● **Work task**: Find the line containing "reusable and refillable" in the entries below. Restate it and each line after it, word for word, up to and including the line containing "An eddy covariance".

● **Provided data**:
=======

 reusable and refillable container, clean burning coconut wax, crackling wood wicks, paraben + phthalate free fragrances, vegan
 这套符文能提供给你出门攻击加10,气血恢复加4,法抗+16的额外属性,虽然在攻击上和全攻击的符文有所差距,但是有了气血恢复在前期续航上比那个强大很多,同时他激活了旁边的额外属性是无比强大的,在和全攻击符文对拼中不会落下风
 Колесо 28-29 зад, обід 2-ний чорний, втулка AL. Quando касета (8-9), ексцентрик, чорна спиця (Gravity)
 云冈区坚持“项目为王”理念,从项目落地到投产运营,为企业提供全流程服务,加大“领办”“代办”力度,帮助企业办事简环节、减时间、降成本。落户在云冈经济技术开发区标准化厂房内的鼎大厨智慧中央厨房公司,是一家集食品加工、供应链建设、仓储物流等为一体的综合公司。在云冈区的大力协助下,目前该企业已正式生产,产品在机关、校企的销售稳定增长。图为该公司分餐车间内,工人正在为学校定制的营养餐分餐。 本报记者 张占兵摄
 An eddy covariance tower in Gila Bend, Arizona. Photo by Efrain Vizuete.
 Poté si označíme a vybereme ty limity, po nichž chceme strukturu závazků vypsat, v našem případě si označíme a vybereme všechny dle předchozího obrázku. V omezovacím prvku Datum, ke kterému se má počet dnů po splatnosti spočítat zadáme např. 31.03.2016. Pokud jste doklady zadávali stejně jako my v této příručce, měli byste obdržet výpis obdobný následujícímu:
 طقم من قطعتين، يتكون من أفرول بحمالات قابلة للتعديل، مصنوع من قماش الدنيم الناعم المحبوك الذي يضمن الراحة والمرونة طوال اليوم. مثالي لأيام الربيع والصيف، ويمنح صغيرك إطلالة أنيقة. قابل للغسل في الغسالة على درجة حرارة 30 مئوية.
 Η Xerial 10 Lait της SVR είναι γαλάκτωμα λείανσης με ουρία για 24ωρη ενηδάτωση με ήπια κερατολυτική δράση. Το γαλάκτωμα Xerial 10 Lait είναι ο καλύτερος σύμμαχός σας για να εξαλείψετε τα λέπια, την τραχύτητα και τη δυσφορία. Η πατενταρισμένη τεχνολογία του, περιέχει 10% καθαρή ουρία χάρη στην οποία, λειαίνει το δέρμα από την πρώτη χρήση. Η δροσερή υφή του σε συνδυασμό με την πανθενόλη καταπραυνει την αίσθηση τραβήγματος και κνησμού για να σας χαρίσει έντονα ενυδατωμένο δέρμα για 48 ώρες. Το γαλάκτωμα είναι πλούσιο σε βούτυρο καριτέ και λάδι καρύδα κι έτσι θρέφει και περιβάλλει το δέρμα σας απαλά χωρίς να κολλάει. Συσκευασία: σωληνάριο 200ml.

=======

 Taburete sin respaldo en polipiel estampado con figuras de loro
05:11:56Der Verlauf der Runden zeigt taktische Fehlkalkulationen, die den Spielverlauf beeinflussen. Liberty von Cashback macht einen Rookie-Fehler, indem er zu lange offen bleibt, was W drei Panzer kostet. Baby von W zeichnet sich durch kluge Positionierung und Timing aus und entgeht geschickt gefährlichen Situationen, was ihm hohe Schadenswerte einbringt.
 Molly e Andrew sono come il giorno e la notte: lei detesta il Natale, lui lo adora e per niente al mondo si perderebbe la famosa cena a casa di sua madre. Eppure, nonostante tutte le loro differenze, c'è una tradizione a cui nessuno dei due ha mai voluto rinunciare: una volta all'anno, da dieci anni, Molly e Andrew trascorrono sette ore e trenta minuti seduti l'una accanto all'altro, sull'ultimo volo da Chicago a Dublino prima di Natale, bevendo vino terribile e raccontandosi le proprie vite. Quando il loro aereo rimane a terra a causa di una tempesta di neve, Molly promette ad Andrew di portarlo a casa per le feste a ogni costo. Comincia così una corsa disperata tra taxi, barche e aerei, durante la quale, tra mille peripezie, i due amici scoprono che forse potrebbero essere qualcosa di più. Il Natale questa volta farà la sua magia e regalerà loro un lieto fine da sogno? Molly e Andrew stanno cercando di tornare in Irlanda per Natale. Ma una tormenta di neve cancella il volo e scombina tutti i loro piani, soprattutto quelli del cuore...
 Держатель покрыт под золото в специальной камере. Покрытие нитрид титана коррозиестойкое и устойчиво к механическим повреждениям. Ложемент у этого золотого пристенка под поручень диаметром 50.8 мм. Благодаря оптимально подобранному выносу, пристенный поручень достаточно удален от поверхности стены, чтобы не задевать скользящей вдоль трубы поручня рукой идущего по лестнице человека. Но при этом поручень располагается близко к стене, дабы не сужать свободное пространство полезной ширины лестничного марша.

=======

● **Answer below**:
 reusable and refillable container, clean burning coconut wax, crackling wood wicks, paraben + phthalate free fragrances, vegan
 这套符文能提供给你出门攻击加10,气血恢复加4,法抗+16的额外属性,虽然在攻击上和全攻击的符文有所差距,但是有了气血恢复在前期续航上比那个强大很多,同时他激活了旁边的额外属性是无比强大的,在和全攻击符文对拼中不会落下风
 Колесо 28-29 зад, обід 2-ний чорний, втулка AL. Quando касета (8-9), ексцентрик, чорна спиця (Gravity)
 云冈区坚持“项目为王”理念,从项目落地到投产运营,为企业提供全流程服务,加大“领办”“代办”力度,帮助企业办事简环节、减时间、降成本。落户在云冈经济技术开发区标准化厂房内的鼎大厨智慧中央厨房公司,是一家集食品加工、供应链建设、仓储物流等为一体的综合公司。在云冈区的大力协助下,目前该企业已正式生产,产品在机关、校企的销售稳定增长。图为该公司分餐车间内,工人正在为学校定制的营养餐分餐。 本报记者 张占兵摄
 An eddy covariance tower in Gila Bend, Arizona. Photo by Efrain Vizuete.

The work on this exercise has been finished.